La guitare faisait partie des instruments musicaux les plus répandus à la Cour française ; elle était un instrument apprécié par la noblesse qui, sur des instruments fabriqués par de très bons maîtres luthiers, s’en servait pour faire chanter des sonorités claires et galantes. On pouvait aussi porter la guitare sans problème avec soi en la jouant en plein-air et en donnant de la galanterie aux rencontres bucoliques.

Pour quatre des morceaux a solo présents dans La Guitarre Royalle de 1671, Corbetta propose aussi une version vocale. Ces versions se trouvent ajoutées à la fin du livre. Il s’agit de l’Allemande cherie de son Altesse le Duc d’York en Fa maj. (tr.8) et de l’Allemande du Roy de la suite in Si min. (tr.15), toutes deux transcrites pour  2 sopranos, basse, guitare et basse continue, et de la Gavotte aymée du Duc de Montmouth (tr. 20) et de la Sarabande de Madame (tr. 23),  pour soprano, basse, guitare et basse continue.
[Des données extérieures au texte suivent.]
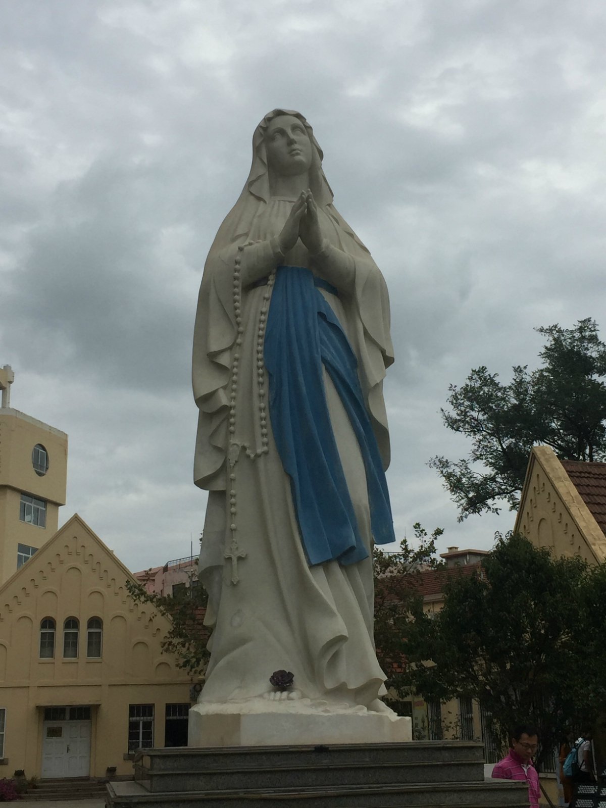 闻说它是依据哥德式和罗马式建筑风格而设计,和我们广州的石室大教堂感觉差不多,沿着中山路,走大约300多米右转有个小上坡的柏油马路——曲阜路,就能到达,远远除了能看到2个高高的钟楼外,不大的广场上或站或蹲或坐的,已经有好几十对情侣在拍结婚照了,一不小心真的会成了别人的“风景”,就因为拍结婚照的人超级无敌多,导致最后我的教堂相片全部都往高了拍,这。。。也算个奇特经验吧/(ㄒoㄒ)/

La Sarabande de Madame et le Tombeau de Madame D’Orléans (tr.12) sont des compositions qui commémorent la mort de la jeune Henriette D’Angleterre en 1670 dont on dit qu’elle se suicida avec l’arsenic à l’âge de 26 ans. Henriette D’Angleterre, dite Madame D’Orléans ou simplement Madame, femme du Duc D’Orléans, qui, lui, est un frère du Roy Soleil, est aimée de toute la Cour. Sa mort suscite une grande douleur dans la France de cette époque. Corbetta aussi rend hommage à sa beauté et à ses vertus interrompues au plus bel âge en composant un Tombeau sur sa mort. Il s’agit d’un morceau unique et inouï à des caractéristiques qui n’ont jusque-là jamais été développées sur la guitare. Corbetta y explore, sans pour autant renoncer aux particularités idiomatiques de l’instrument, un langage de très grande profondeur. La tension des lignes mélodiques pousse, en ce qui concerne la tenue du son, l’instrument à ses limites, donnant ainsi naissance à une composition merveilleuse et étonnante, faite de pénombres rompues par de soudaines lueurs. Ce morceau, composé dans la forme classique d’une allemande grave, se termine avec une exclamatio en majeur, répétée en écho par une petite reprise.

Dans le Caprice de chaconne ainsi que dans L’autre chaconne, il y a deux types de batteries. Dans la préface en italien et en  français de La Guitarre Royalle de 1671, Corbetta décrit minutieusement l’exécution des deux types de batteries en livrant de sorte une des rares contributions didactiques de l’époque sur cette technique.

Si Robert De Visée a réellement étudié avec Corbetta, nul ne le sait avec certitude. Ce dont on peut pourtant être sûr, c’est qu’un jeune guitariste comme lui avait certainement comme point de référence Corbetta qui était son aîné d’à peu près 35 ans et qui était unanimement considéré l’un des plus grands guitaristes vivants. La preuve de l’admiration de De Visée pour le maître italien est la composition d’une Allemande Tombeau de Monsieur Francisque qui se trouve dans son premier Livre de Guittarre (Paris, Bonneüil, 1682).

Composé dans la forme typique de l’allemande grave et précédé par son prélude, ce morceau nous montre un De Visée qui maîtrise tous les registres expressifs de la guitare. Avec ce morceau, De Visée a ajouté une autre perle précieuse au répertoire de la guitare baroque.

Corbetta meurt à Paris en 1681. Sa vie de musicien itinérant et cosmopolite permet à ses compositions et à La Guitarre Royalle de 1671 en particulier de parler un langage musical international où plusieurs styles, l’espagnol et l’italien, l’anglais et le français, se rencontrent. Sa musique parle un langage hors du temps, comme le font toujours les meilleures musiques de tous les temps. C’est une musique qui m’a ému aussi bien pendant l’enregistrement que depuis ce moment où j’ai joué le caprice de chaconne pour la première fois, une nuit d’été, dans le plus beau théâtre du monde: une baie en Sardaigne dite Tramariglio. La musique de Corbetta unit délicatesse de style, grande connaissance de l’instrument et profondeur de langage; dans cette musique, le silence se maintient de façon continue au fond, dans les sons délicats de la guitare, en dialoguant avec eux et en reconquérant son domaine après la fin de la dernière note, exactement comme ce que fait la mort avec notre vie.